D-Wave: scaling comparison with classical algorithms
In January 2014, a group (Rønnow et al) from ETH Zurich, USC and Google published the paper Defining and detecting quantum speedup on arxiv which looked at how the D-Wave Two device’s performance scaled as the number of qubits increased and compared this with the scaling behaviour of optimised classical algorithms on the same problem. In June 2014, the formal version of the paper appeared in Science.
There are many caveats and possible uncertainties in that paper, such as whether the annealing time is optimal, but in my view it looks reasonable to conclude that for this test the scaling behaviour of D-Wave is not as good as that of the classical algorithms, especially for the harder problem instances. The graphs in the top-right panel of figure 3 of the arxiv version of the Rønnow paper, representing the classical algorithm’s scaling as a function of problem size, are roughly concave (diminishing slope), whereas the corresponding D-Wave graphs in the bottom-right panel are roughly convex (increasing slope). Of course, the shape of the graph depends on the scaling of the axes, but this particular choice of log(time) against the square root of problem size is fairly natural in that there are theoretical reasons to believe that the behaviour should be asymptotically linear (plus a constant) in these co-ordinates. If this were true, then the most important feature of an algorithm would be the single number, the limiting gradient, and the second-most important feature the limiting offset, which we may guess at by looking at the graphs.
There is a further worry from D-Wave’s point of view. I believe the classical algorithms (simulated annealing) used in the Rønnow paper were not the best possible for the task and there are at least two completely different classical algorithms that have better scaling behaviour than those used in the paper (and for range 7 are faster in absolute terms in their current implementations). One is the method I described in June 2013, the program of which (“Prog-QUBO”) was made available on github. (The other method is exchange Monte Carlo, or parallel tempering, which is normally used to find thermal states but can be used quite effectively just to find the ground state. This method won’t be considered here.) Here are results of tests carried out using Prog-QUBO, comparable to those that produced figure 3 of the Rønnow paper.
On the left are the “range 1” results and on the right, “range 7”. The top row shows Prog-QUBO’s results and the bottom row shows these superimposed with the Figure 3 results from the Rønnow paper. (Prog-QUBO was run on six cores of a 3.2GHz Intel i7-3930K. The “S13” means that it was using what it calls strategy 13.) In terms of scaling, it looks like Prog-QUBO is behaving better on these problems than the simulated annealing methods used in Rønnow, which in turn was behaving better than the D-Wave device, as demonstrated in that paper.

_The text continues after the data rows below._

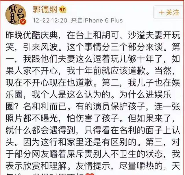 第二天网友的评论都炸锅了,认为郭德纲不应该在这么小的孩子面前调侃,郭德纲回复说在娱乐圈什么都会遇到,只得看在名和利面子上认头,还说网友嚼舌根。
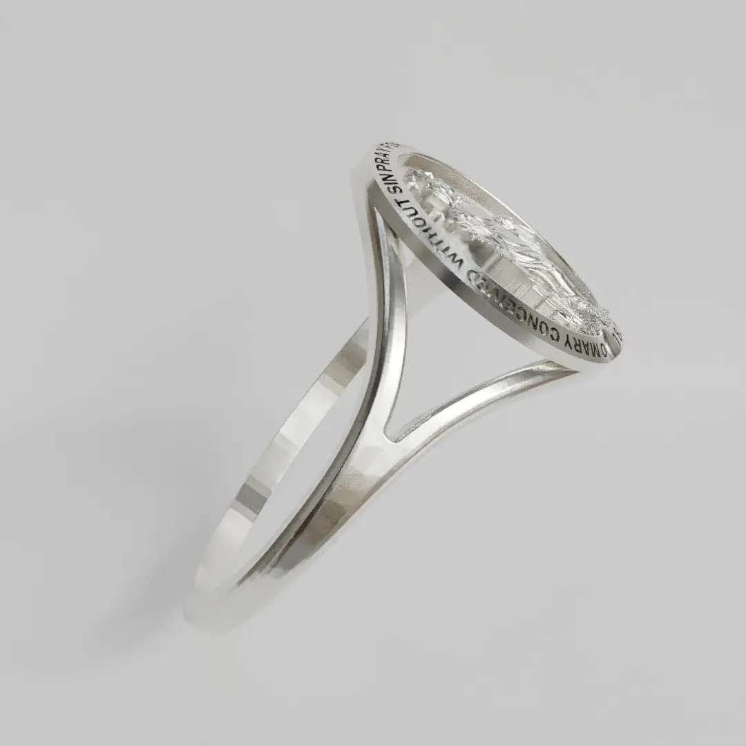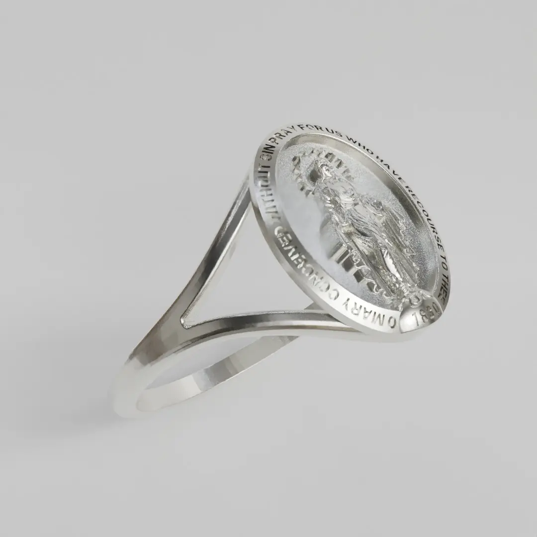 Simple ring with detailed miraculous medal in the center11 millimeters highprintable for jewelry
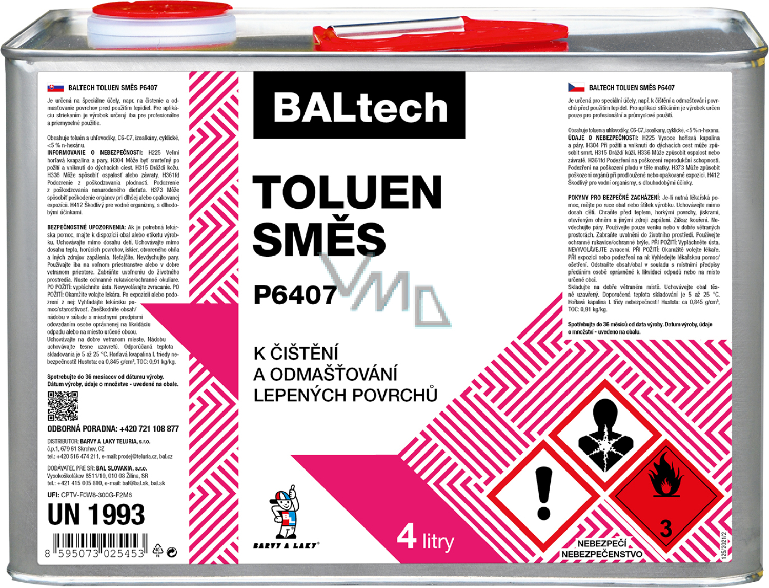 BALTECH P6407 MIESZANKA TOLUENU jest przeznaczony do specjalnych zastosowań, np. do czyszczenia i odtłuszczania powierzchni przed użyciem klejów. Do aplikacji natryskowej produkt jest przeznaczony tylko do profesjonalnego i przemysłowego użytku.

The absolute speed of these is of course implementation-dependent and of secondary interest, but has nevertheless been a motivating topic for many people (including myself) given the claims and counter-claims about whether D-Wave can outperform classical computers. In the case of range 1, Prog-QUBO is slower than the program used in the Rønnow paper (“Rønnow-prog-1”) until $N=512$ where they are similar. This may be expected as Rønnow-prog-1 is highly-optimised to handle many spins in parallel and can achieve up to 50 spin-flips per nanosecond. In the case of range 7, the program used in the Rønnow paper (“Rønnow-prog-7”) is optimised to run on bipartite graphs, but not the Chimera graph specifically and the crossover point where Prog-QUBO becomes faster is about $N=72$. (By comparison, Prog-QUBO is written specifically for the Chimera graph, though it is written in C in a fairly straightforward way and isn’t particularly optimised in terms of hard coding the set of couplings or exploting processor architecture.) Reading from the range 7 graph, Prog-QUBO is similar in speed at $N=1152$ to the Rønnow-prog-7 at $N=512$, which in turn is faster than D-Wave at $N=512$ on most of the harder problem instances. If only for this reason, it seems unlikely that upgrading D-Wave to 1000 qubits will give it an advantage over classical computers.
- The timing statistics considered above and in the Rønnow paper arise from a particular distribution over problem instances, in this case choosing the couplings independently and uniformly. It may be that there are other distributions over problem instances that favour the D-Wave device more. What makes one distribution better than another is presumably that it arises from an actual use case, where it ultimately helps optimising something you actually want optimising. Without such a use case in mind it’s hard to know whether the uniform couplings are representative, but they do at least generate difficult problem instances.
- In the Prog-QUBO graphs above for $N\ge 648$, the optimal values (ground state energies) were not verified using a proving solver. It is therefore possible that some of these presumed optimal values are not actually optimal, which would change the graphs, though for what it’s worth I believe that all the presumed optimal values are in fact optimal for reasons given in previous posts.